Canadian politician and fur trader

Patrice Breland (March 17, 1837 - April 3, 1908) was a fur trader and political figure in Manitoba. He represented St. Francois Xavier from 1879 to 1883 in the Legislative Assembly of Manitoba as a Conservative.

He was born in St. François Xavier, Manitoba, the son of Pascal Breland and Maria Grant. He was the grandson of Cuthbert Grant.

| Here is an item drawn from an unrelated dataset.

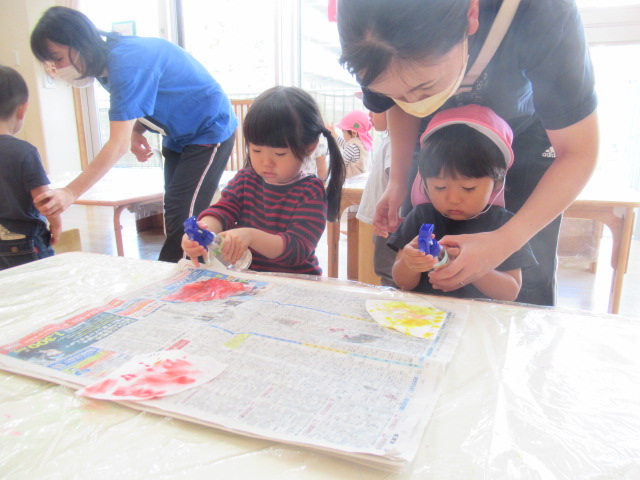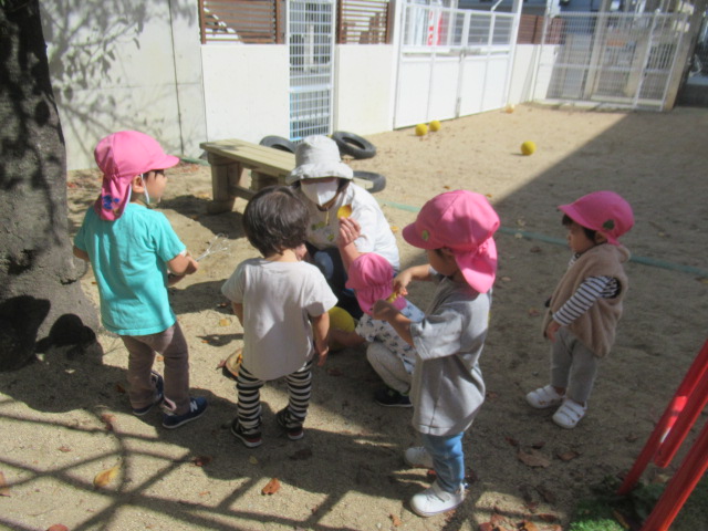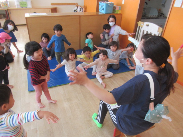 トンボになって「とんぼのめがね」を歌いました。羽を広げるように腕をピッと横に伸ばしてトンボが飛んでいるみたいに真似っ子が上手などんぐりさんでした😊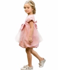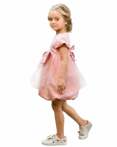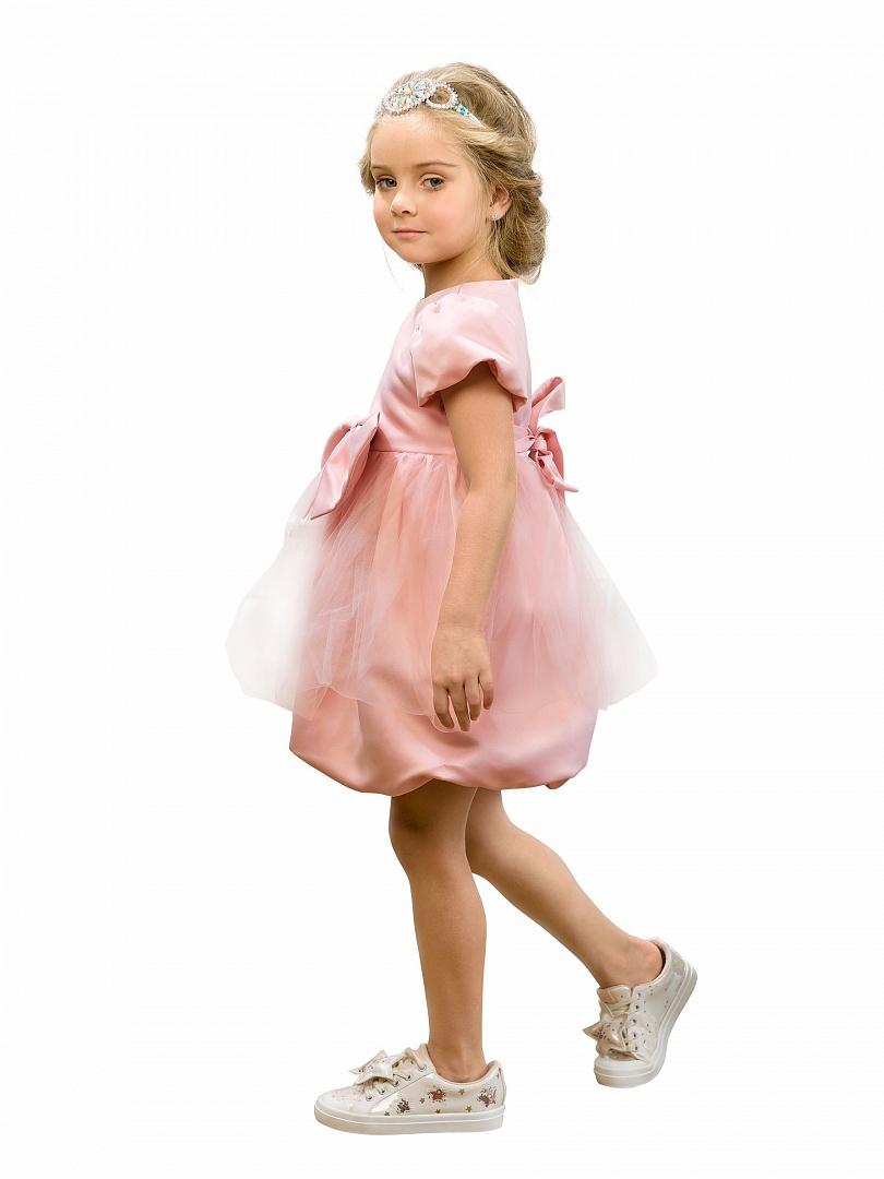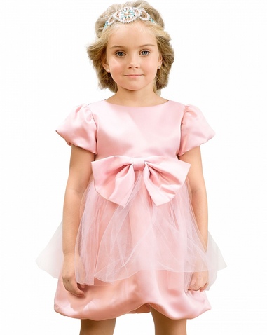 Платье для девочек. Новая плотная ткань с благородным сатиновым блеском! Новый силуэт юбки мягкий баллон сверху декорирован легкой юбкой из сетки в тон основной ткани, хлопчатобумажная подкладка. Рукав-фонарик, перед платья декорирован объёмным бантом из основной ткани, по талии расположен завязывающийся пояс, который позволяет регулировать ширину изделия. Застёжка по спинке на потайную молнию. Состав: 100%полиэстер, подклад: 100%хлопок

Patrice was one of the many who signed the Cypress Hills Métis Hunting Brigade Petition in 1878. He was a justice of the peace for the North West Territories and served as reeve for the Rural Municipality of St. François Xavier from 1891 to 1892 and from 1895 to 1900.

== Personal life ==
Patrice Breland was born in St. François Xavier, Manitoba, on 17 March 1837, to French-Métis leader and government diplomat Pascal Breland and Maria Grant. Maria Grant, daughter of Cuthbert Grant, came from a wealthy family; Pascal became a very wealthy man due to all that he inherited after the passing of Cuthbert Grant in 1854.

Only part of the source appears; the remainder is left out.